What you need to do —
Output the run of lines that opens with the first line of the material below and closes with the line containing "2025年10月14日(火) 748日目、鹿児島ウーバー配達員の稼働結果", both included, and drop the pictures.

START Data shown

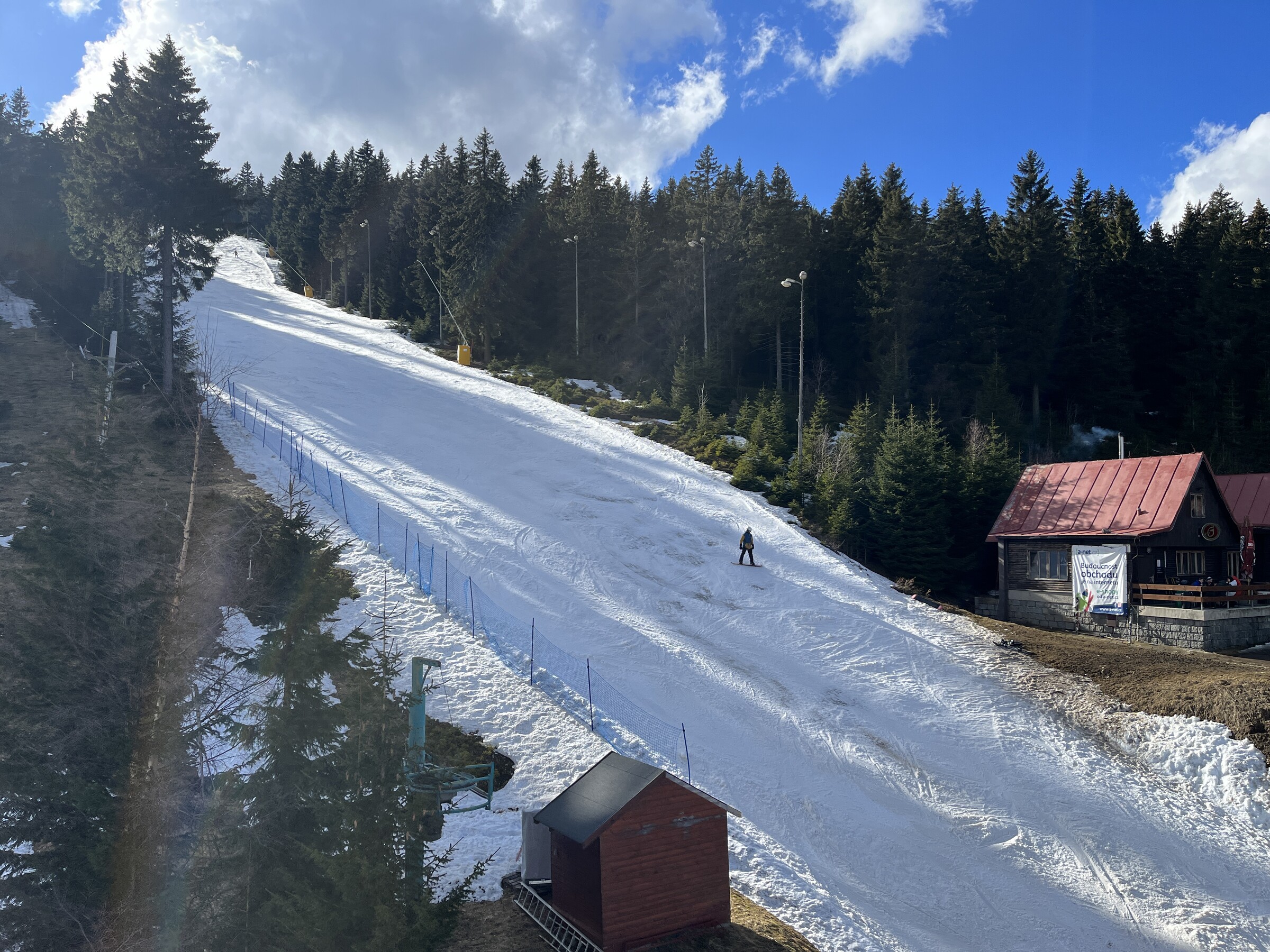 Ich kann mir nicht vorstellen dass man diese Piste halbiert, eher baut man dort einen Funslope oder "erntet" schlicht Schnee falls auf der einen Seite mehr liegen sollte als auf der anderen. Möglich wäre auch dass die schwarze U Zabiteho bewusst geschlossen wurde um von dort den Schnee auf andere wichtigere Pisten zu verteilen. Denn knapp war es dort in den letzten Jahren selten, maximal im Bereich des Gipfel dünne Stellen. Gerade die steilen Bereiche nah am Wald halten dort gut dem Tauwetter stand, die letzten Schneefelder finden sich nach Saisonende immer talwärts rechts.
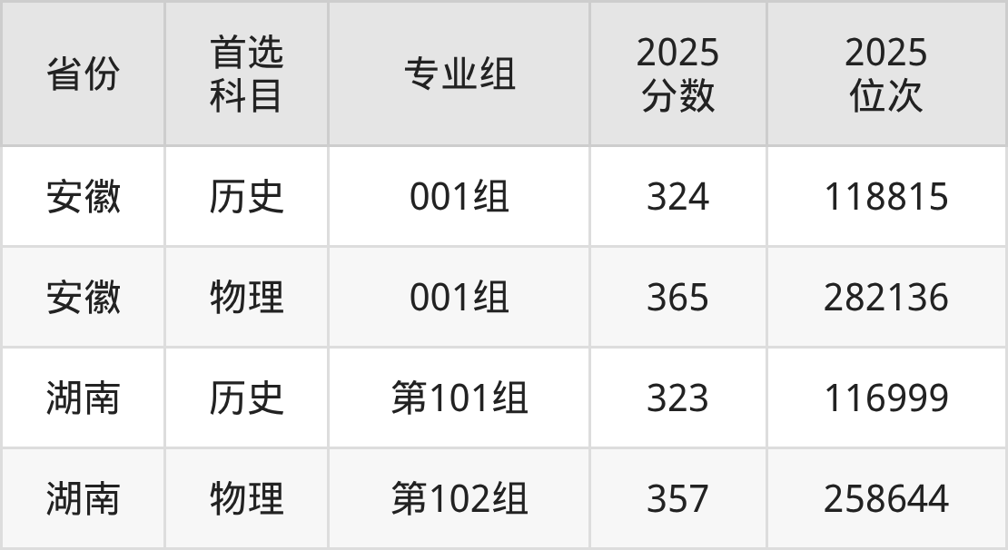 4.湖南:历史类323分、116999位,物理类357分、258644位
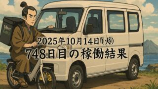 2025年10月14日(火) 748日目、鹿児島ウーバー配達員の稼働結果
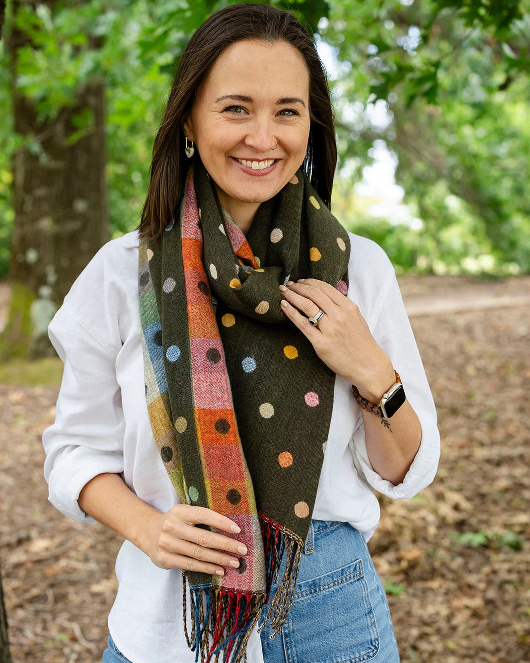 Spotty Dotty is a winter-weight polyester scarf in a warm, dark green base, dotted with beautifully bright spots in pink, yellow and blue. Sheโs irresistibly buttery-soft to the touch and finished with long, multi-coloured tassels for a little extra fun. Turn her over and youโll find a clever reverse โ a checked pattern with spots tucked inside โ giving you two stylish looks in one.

END Data shown

Solved exercise —
 Ich kann mir nicht vorstellen dass man diese Piste halbiert, eher baut man dort einen Funslope oder "erntet" schlicht Schnee falls auf der einen Seite mehr liegen sollte als auf der anderen. Möglich wäre auch dass die schwarze U Zabiteho bewusst geschlossen wurde um von dort den Schnee auf andere wichtigere Pisten zu verteilen. Denn knapp war es dort in den letzten Jahren selten, maximal im Bereich des Gipfel dünne Stellen. Gerade die steilen Bereiche nah am Wald halten dort gut dem Tauwetter stand, die letzten Schneefelder finden sich nach Saisonende immer talwärts rechts.
 4.湖南:历史类323分、116999位,物理类357分、258644位
 2025年10月14日(火) 748日目、鹿児島ウーバー配達員の稼働結果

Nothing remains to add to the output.